• _Exercise data_
★ ★ ★
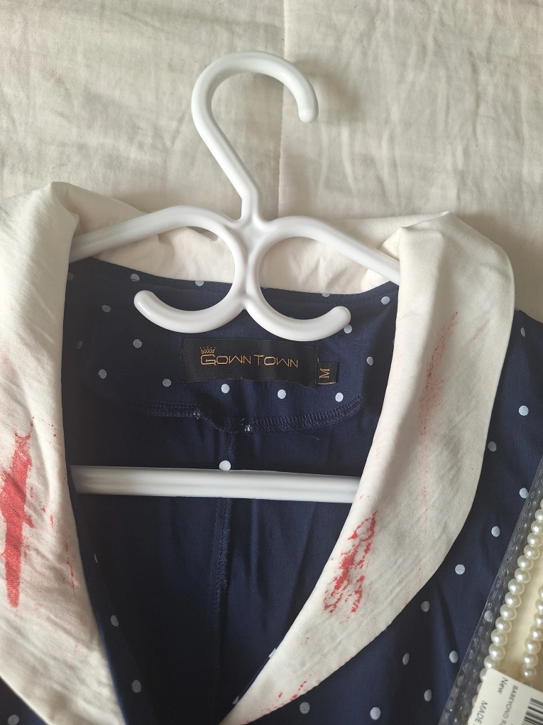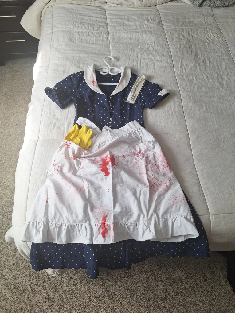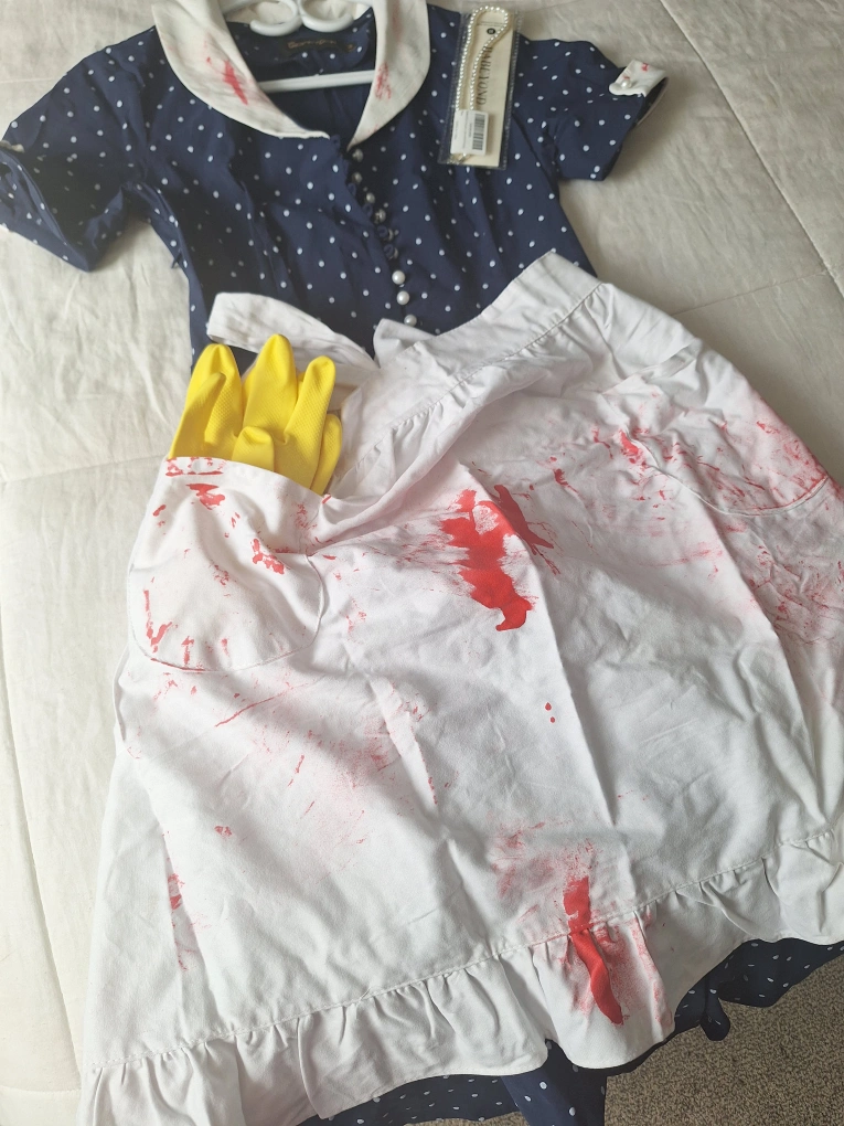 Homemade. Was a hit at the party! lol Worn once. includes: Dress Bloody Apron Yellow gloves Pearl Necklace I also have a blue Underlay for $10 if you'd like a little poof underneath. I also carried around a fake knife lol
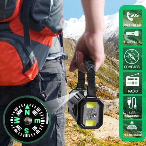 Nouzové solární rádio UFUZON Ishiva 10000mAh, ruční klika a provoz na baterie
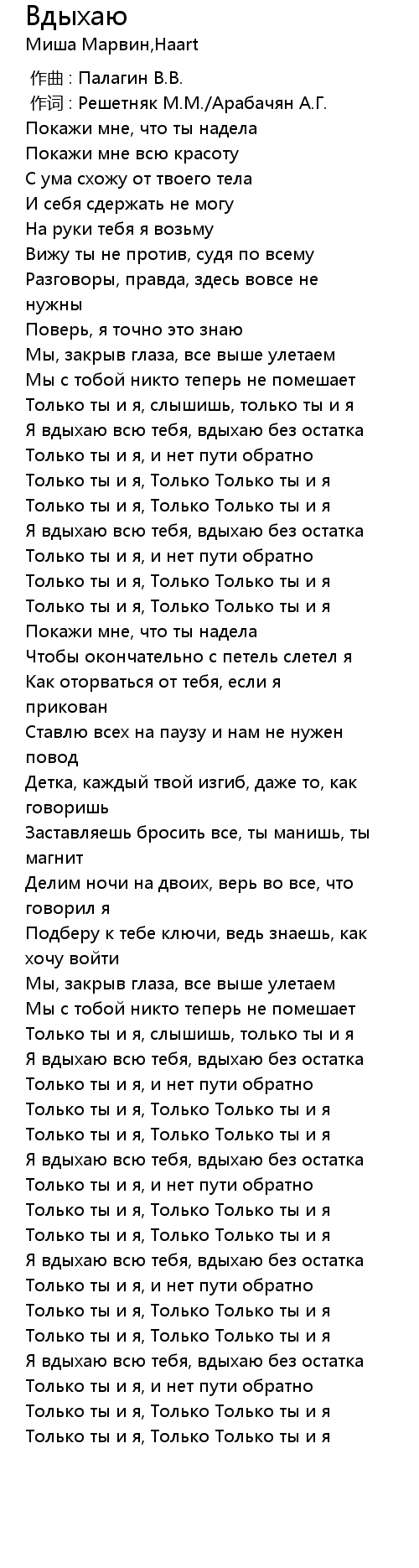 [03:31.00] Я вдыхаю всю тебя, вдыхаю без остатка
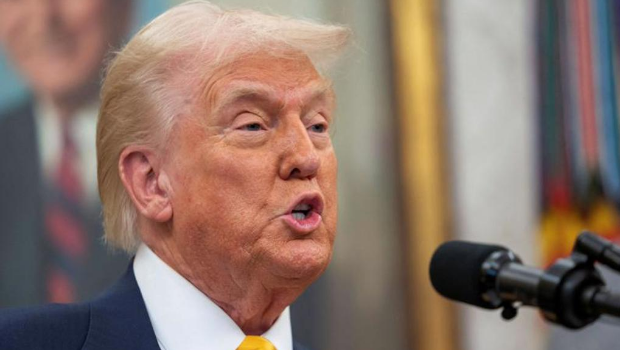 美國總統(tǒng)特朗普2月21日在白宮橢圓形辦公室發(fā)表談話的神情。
★ ★ ★
• _Description of the task_
Repeat each line word for word, from the one with "[03:31.00] Я вдыхаю" down to the last line of the data, and keep the pictures out of it.

• _Your solution_
 [03:31.00] Я вдыхаю всю тебя, вдыхаю без остатка
 美國總統(tǒng)特朗普2月21日在白宮橢圓形辦公室發(fā)表談話的神情。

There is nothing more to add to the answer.